Americans Aren’t Practicing Democracy Anymore; As participation in civic life has dwindled, so has public faith in the country’s system of government.

Yoni Applebam:

The results have been catastrophic. As the procedures that once conferred legitimacy on organizations have grown alien to many Americans, contempt for democratic institutions has risen. In 2016, a presidential candidate who scorned established norms rode that contempt to the Republican nomination, drawing his core support from Americans who seldom participate in the rituals of democracy.

American government’s most obvious problems—from its dysfunctional legislature to Donald Trump himself—are merely signs of this underlying decay. The political system’s previous strength and resilience flowed from Americans’ anomalously high rates of participation in democratically governed organizations, most of them apolitical. There is no easy fix for our current predicament; simply voting Trump out of office won’t suffice. To stop the rot afflicting American government, Americans are going to have to get back in the habit of democracy.

In the early years of the United States, Europeans made pilgrimages to the young republic to study its success. How could such a diverse and sprawling nation flourish under a system of government that originated in small, homogeneous city-states?
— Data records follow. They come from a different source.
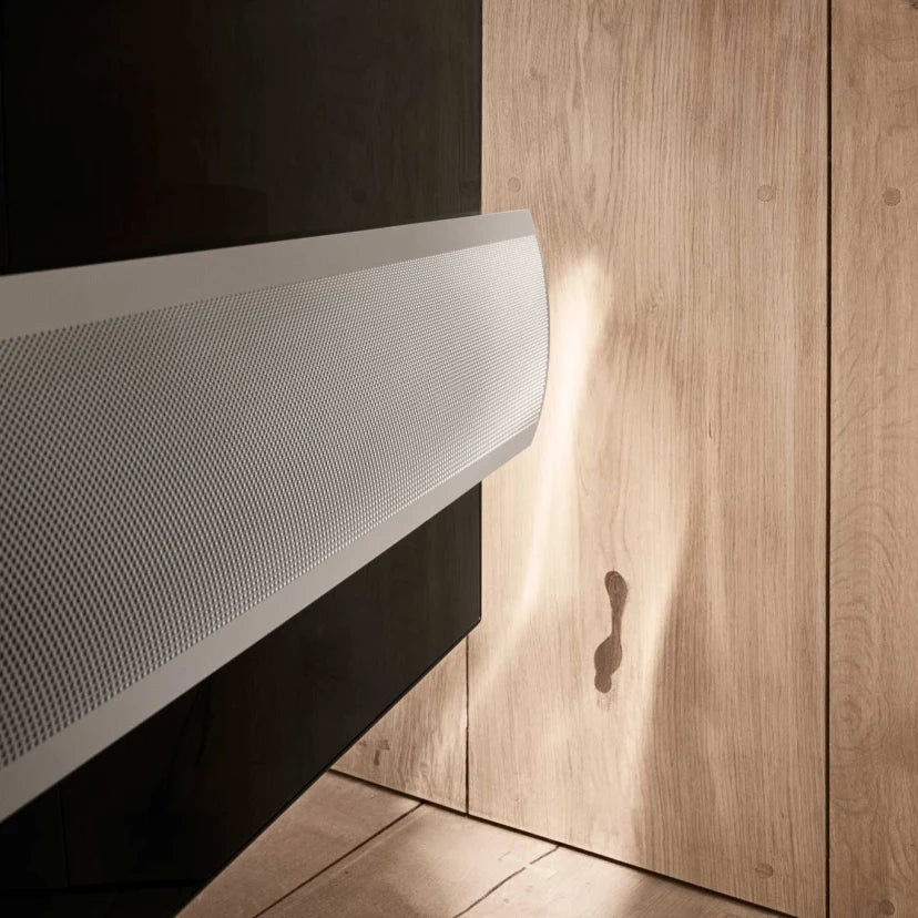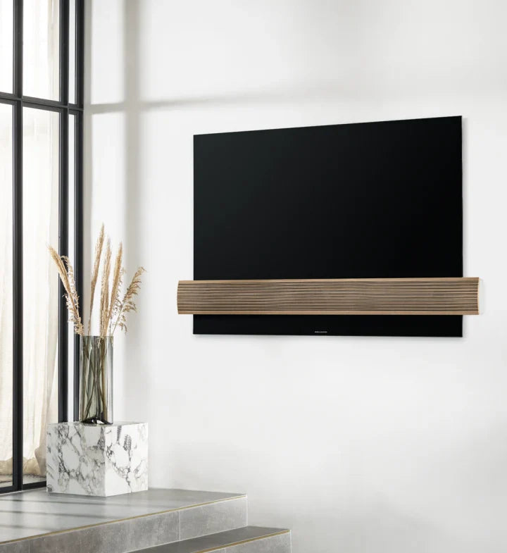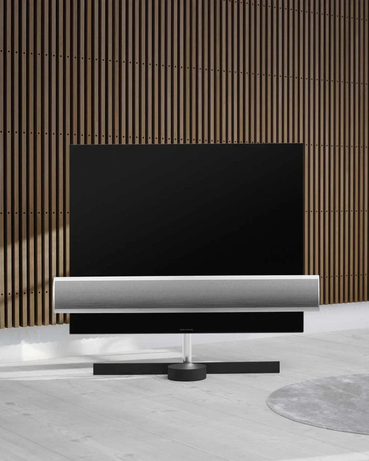 Keskin, siyah bir cam ekran, alüminyum gövdeyi doğrudan kesiyor. Beovision Eclipse, görüntü ve sesin mükemmel bir uyum içinde olduğu cesur ve net bir tasarım ifadesidir.
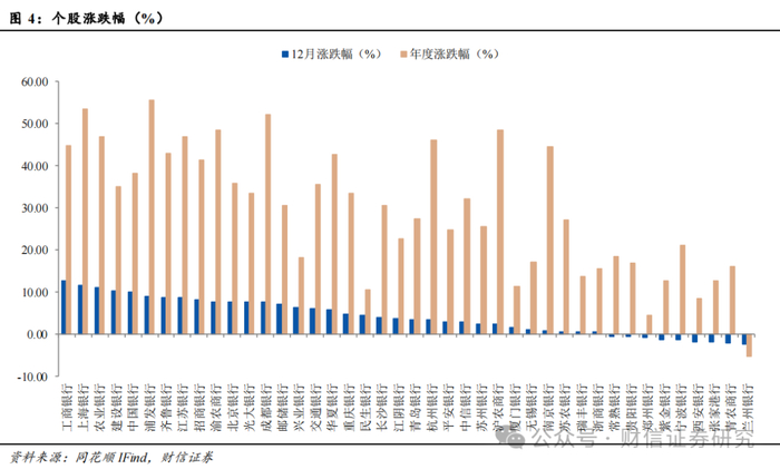 12月,A股42家银行中,33家录得上涨,9家下跌,其中工商银行领涨,月涨跌幅12.52%。细分类下,国有大行平均涨幅最大,月平均涨跌幅为9.47%,工商银行(12.52%)涨幅最大;全国性股份行排名第2位,月平均涨跌幅为5.18%,其中浦发银行(8.77%)涨幅最大;城商行涨跌幅排名第3位,月平均涨跌幅为3.32%,其中上海银行(11.59%)涨幅最大;农商行排名相对靠后,月平均涨跌幅为0.8%,其中渝农商行(7.65%)涨幅最大。
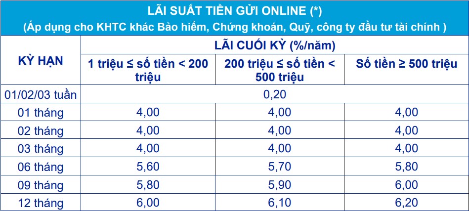 Đáng chú ý, lãi suất tiền gửi online đã được điều chỉnh tăng mạnh từ 0,4% đến 0,9% ở các kỳ hạn 6 đến 12 tháng. Mức lãi suất mới cho tiền gửi online dao động từ 3,95%/năm đến 6,2%/năm cho kỳ hạn 1 đến 12 tháng. Kỳ hạn siêu ngắn 1-3 tuần vẫn giữ nguyên mức lãi suất 0,2%/năm.
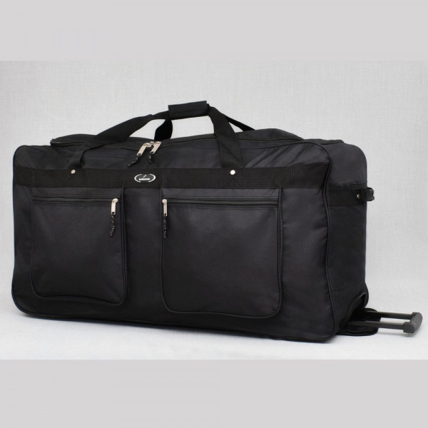 Огромен текстилен сак с теглич. Удобен и подходящ за целия Ви багаж. Здрав текстил, който ще съхрани вещите ви. Плавното движение на колелцата осигурява висока подвижност, дори и при препълнен сак. Двете шини на дъното го укрепват и дават допълнителна сигурност при пътувания със самолет или кола. Удобно разпределение в едно голямо отделение и два дълбоки предни джоба.
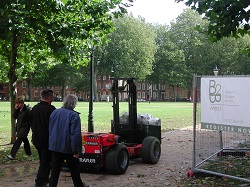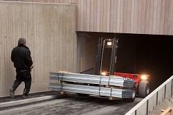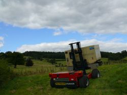 Traditional truck mounted forklifts are carried on the rear of the vehicle. The Palfinger BM is a unique concept whereby the forklift is carried in a mounting box under the vehicle.
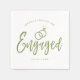 Um guardanapo com letra de roteiro divertido e único, feito sob medida especificamente para a sua festa de engajamento. Apresenta a palavra 'engajados' com alianças de casamento repousando sobre ela. Abaixo e acima disso estão os nomes da noiva e do noivo e a data do noivado.

One after another, they seized upon the most unfamiliar aspect of American culture: its obsession with associations. To almost every challenge in their lives, Americans applied a common solution. They voluntarily bound themselves together, adopting written rules, electing officers, and making decisions by majority vote. This way of life started early. “Children in their games are wont to submit to rules which they have themselves established, and to punish misdemeanors which they have themselves defined,” wrote Alexis de Tocqueville in Democracy in America. “The same spirit pervades every act of social life.”